Я резко оборачиваюсь к соне, услышав с его стороны какой-то металлический звук. Он облегченно вскрикивает и, едва я успел что-либо сообразить, выбрасывает ключ в окно. Под нашим окаменевшим взглядом.
— Вот так, спокойно! Теперь Брандебург с его шайкой и клещами меня отсюда не вытащит! Давайте приходите, я жду!
Потрясение.
Ришар смотрит на меня — оторопело, недоверчиво. Соня совсем спятил. Пристегнул себя наручниками к оконному поручню. И глядит на нас восторженно, как победитель…
Наконец Ришар обретает дар речи:
— Но… как же я… как же мне быть… с контролерами… таможней?..
Поезд резко тормозит. На этот раз мы влипли по-настоящему. Даже не знаю, что сказать Ришару, он ни на что не реагирует, — видимо, мне придется вернуться к себе. Мы въезжаем на Лозаннский вокзал.
— Контролеры у тебя уже были? Не бойся, с таможней что-нибудь придумаем, спрячем его под одеялами, что ли, или давай объединимся — ты отнесешь свои паспорта ко мне, будто на мне сразу два вагона, там видно будет, найдем какое-нибудь решение… Ты извини…
У меня нет времени, не сейчас, мне стыдно. Я сгладил все промахи этого придурка сони, но это уже чересчур, он ни секунды не поколебался сунуть моего единственного друга в дерьмо, так же как и меня вчера. Но я-то уже начал привыкать к этому.
Я вновь в коридоре девяносто шестого, контролеров все еще нет, но я не сомневаюсь, что они зайдут с перрона после свистка к отправлению. Лекарь по-прежнему в оковах, смотрит, прищурившись, на соседний путь, где стоит какой-то поезд, вдоль которого мы двигаемся.
— Сколько времени стоим? — спрашивает меня девица в возбуждении.
— Две минуты.
— Две!
Ну да, две, и никогда ничего не происходит между 2.23 и 2.25 в Лозанне. Две минуты. Это даже слишком.
Остановка почти чистая, всего два маленьких рывка. Обледенелый перрон, снег валит густо и блестит в отсветах фонаря.
Мне страшно. Мне надо помочиться. Прямо жжет.
Правда. Я умоляю поезд, машиниста, Бога. Я не останусь здесь.
Все летит кувырком, внутри у меня раскаленные потроха, я не понимаю, что делаю здесь. Неужели они будут настолько глупы…
Две минуты. Теперь уже меньше. Одна?.. Отходим? Нет еще?
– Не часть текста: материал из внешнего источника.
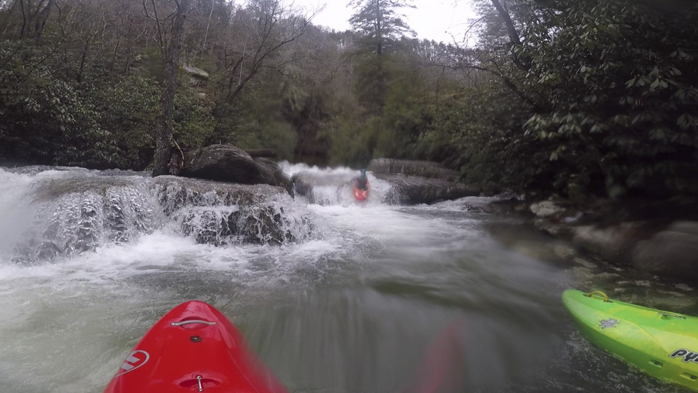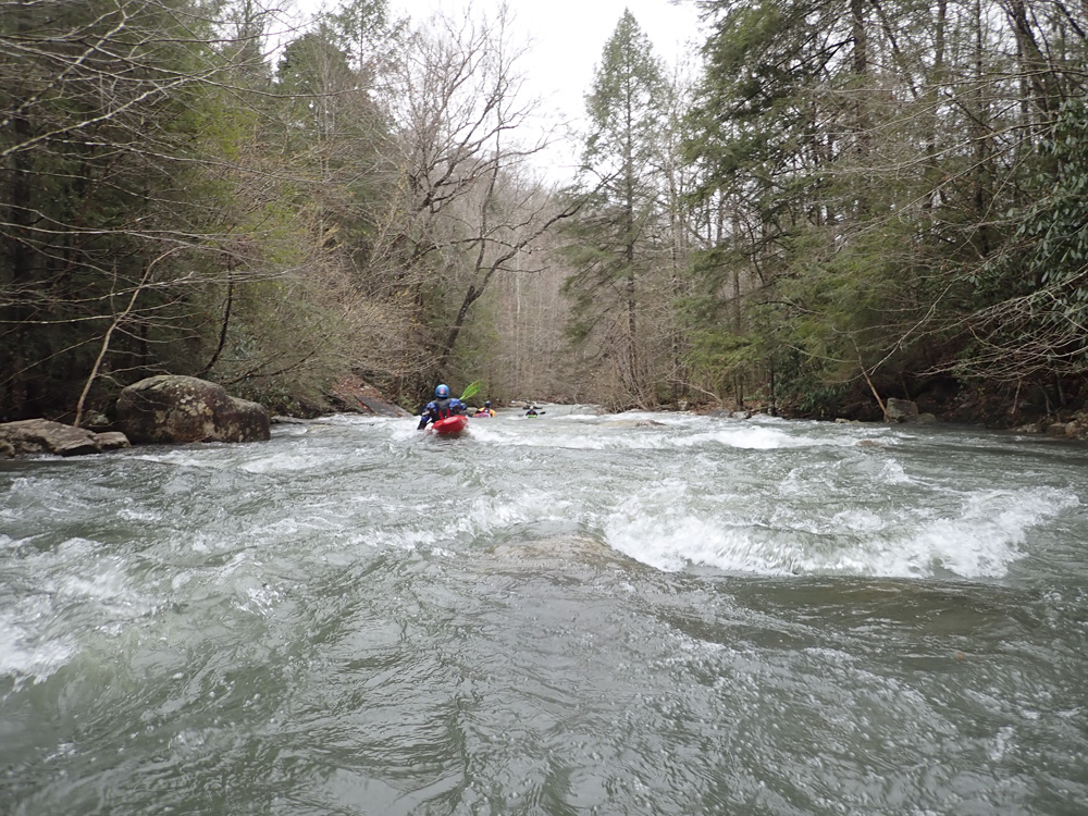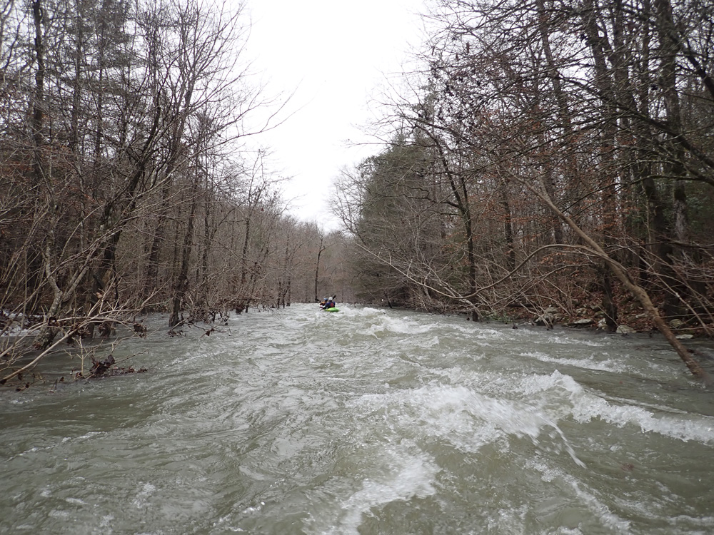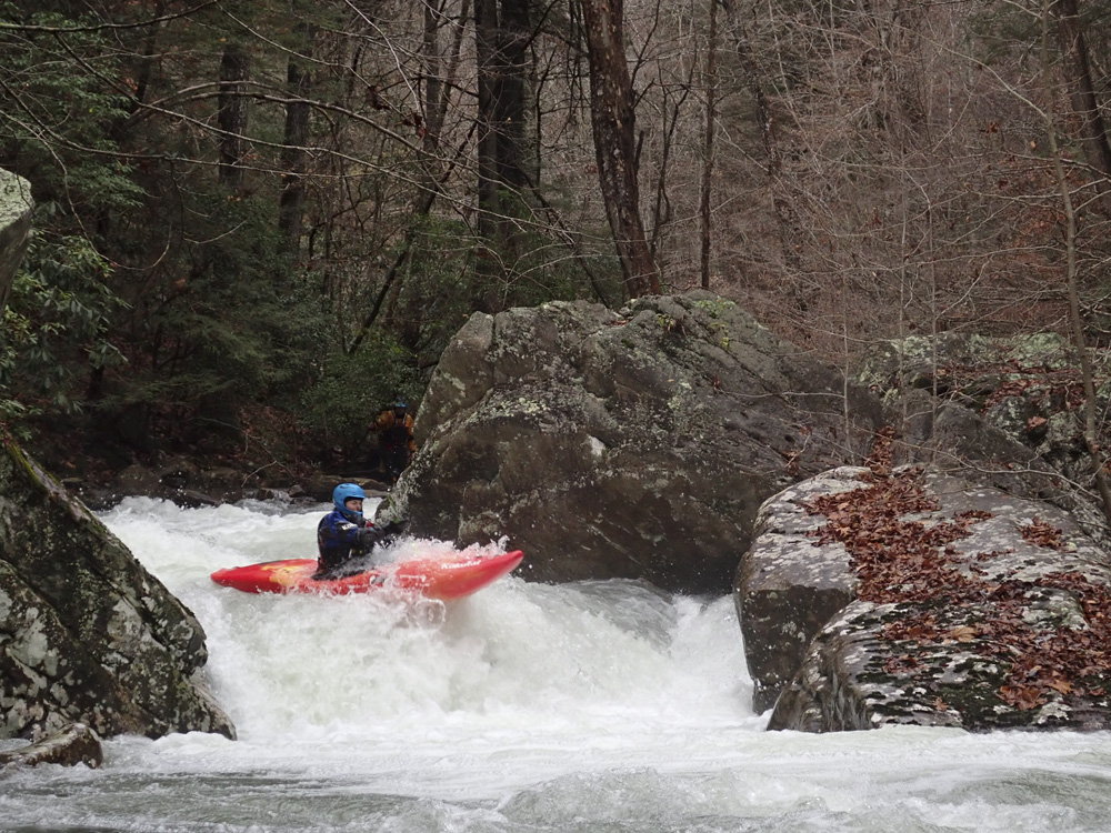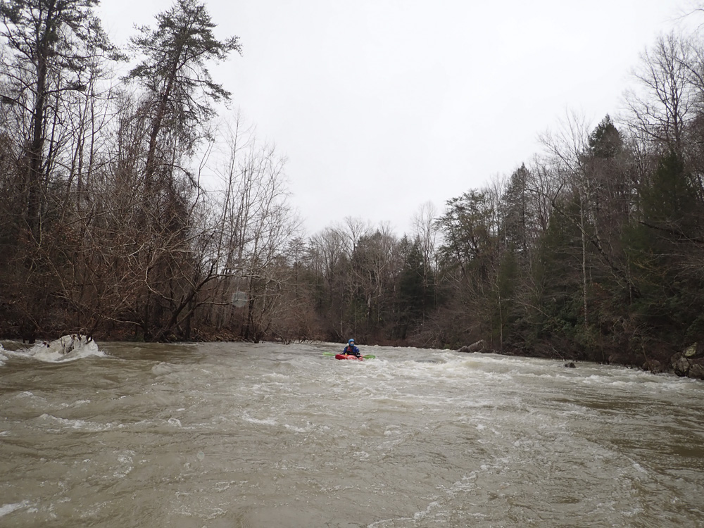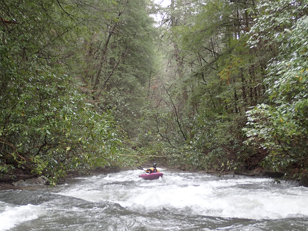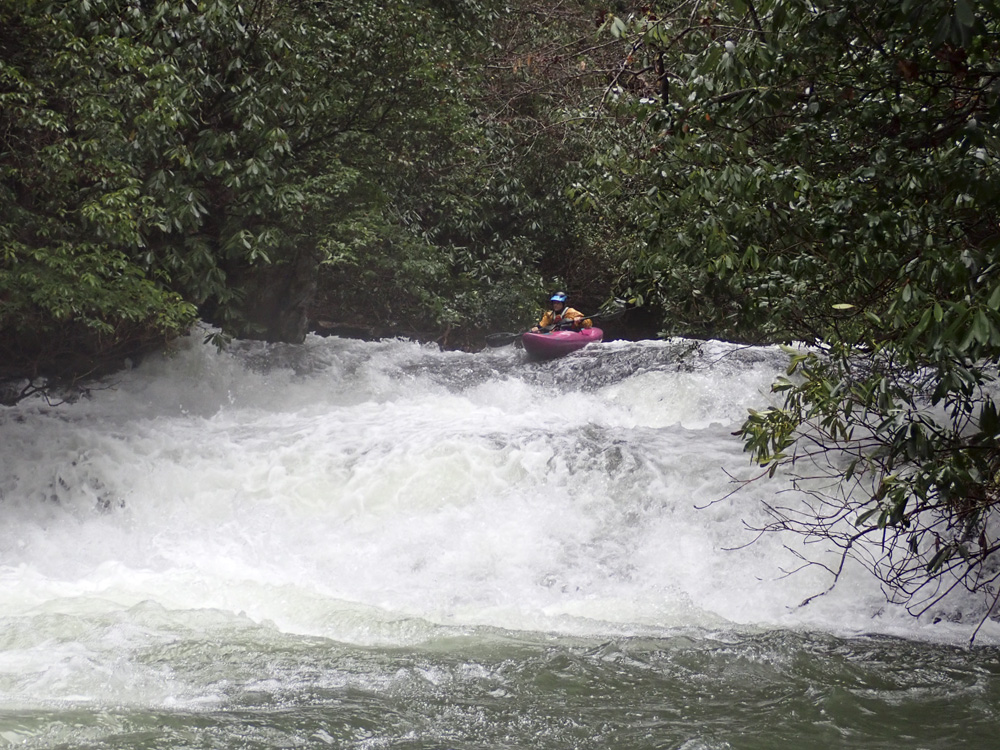 Upper Pocket Pussy (IV to IV+). Scout right. This one has a boof on the right that you want to run with a little left angle. This will help you clear the undercut jutting out on the right in the pinch exit immediately below. I imagine as flows rise, and this small pool before the exit backs up, this one gets some teeth.

Я иду по коридору, все быстрее и быстрее, девица кричит, чтобы я остановился, но я не могу, я бегу в другой вагон, потом в следующий, потом еще в два или три, пока не окажусь…
Пока не окажусь у Мезанжа.
Тут-то он и выскочил. Я уже шагнул в девяностый. Он расставил руки, и я тотчас же узнал его глаза — злые и напористые.
Американец…
Он хотел наброситься на меня, и я закричал. Яростно уцепился за ближайшую дверь, справа, выходящую не на перрон, а на пути, заорал, получив еще один сокрушительный удар в спину, и треснулся головой о корпус снаружи. Мои руки попытались ухватиться за металлический косяк, он прыгнул мне на щиколотки, я завопил и позволил своему телу соскользнуть на землю, впечатавшись физиономией в гравий. В метре от своего глаза я увидел рельс и перекатился к нему поближе, чтобы забиться под брюхо соседнего поезда, съежиться там в комок.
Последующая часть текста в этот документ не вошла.